Privacy, AI & Cybersecurity
Privacy
AI
Cybersecurity
Robustness
Decision reliability under privacy, trust, and adversarial constraints.
Focus
My AI and cybersecurity work treats reliability as a decision problem. The goal is not only to build accurate models, but to decide whether a model, privacy control, authentication rule, or robustness claim is trustworthy enough for deployment.
Core Themes
- Privacy-preserving learning: homomorphic encryption, federated or distributed learning, gradient leakage, encryption ratios, utility loss, and operational cost.
- Adversarial robustness: stress-testing segmentation and perception models under plausible attack patterns and transferability risk.
- Authentication and trust: RF fingerprinting, known/unknown device decisions, thresholding, rogue transmitter detection, and adversarially generated negative examples.

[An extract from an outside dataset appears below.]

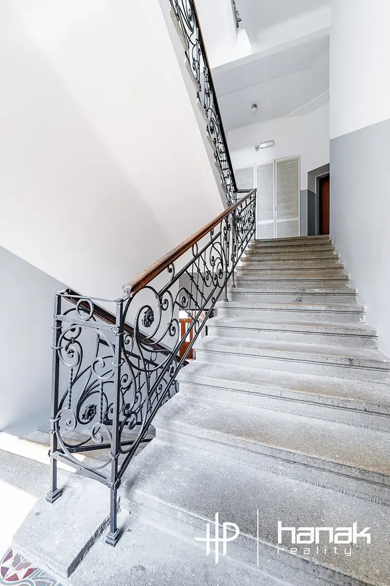 Předmětem nájmu je byt o užitné ploše 21 m², nacházející se v 5.NP cihlového historického domu, který prošel revitalizací štukové fasády, výměnou střechy a také úpravou společných prostor a krásného centrálního schodiště se zdobených vstupem. Výhodou je také velká společná kolárna a příjemný pozemek za domem pro odpočinek s výhledem do vnitrobloku se vzrostlými stromy.
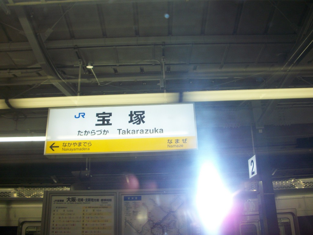 타카라즈카역에 정차를 합니다.. 타카라즈카 역 달대형 역명판입니다...

- AI-system evaluation: model behavior evaluation, prompt optimization, retrieval/tool-use patterns, local model serving, and monitoring.
- Deployment decisions: choosing privacy, robustness, and model controls as governed parameters rather than ad hoc safeguards.
Representative Work
- Secure distributed learning for connected and autonomous vehicles using leveled homomorphic encryption.
- Practical homomorphic encryption for federated learning.
- Adversarial patch transferability across real-time autonomous-vehicle segmentation models.
- RF fingerprinting authentication for IoT networks using Siamese networks.
- Adversarial-resilient RF fingerprinting with CNN-GAN rogue transmitter detection.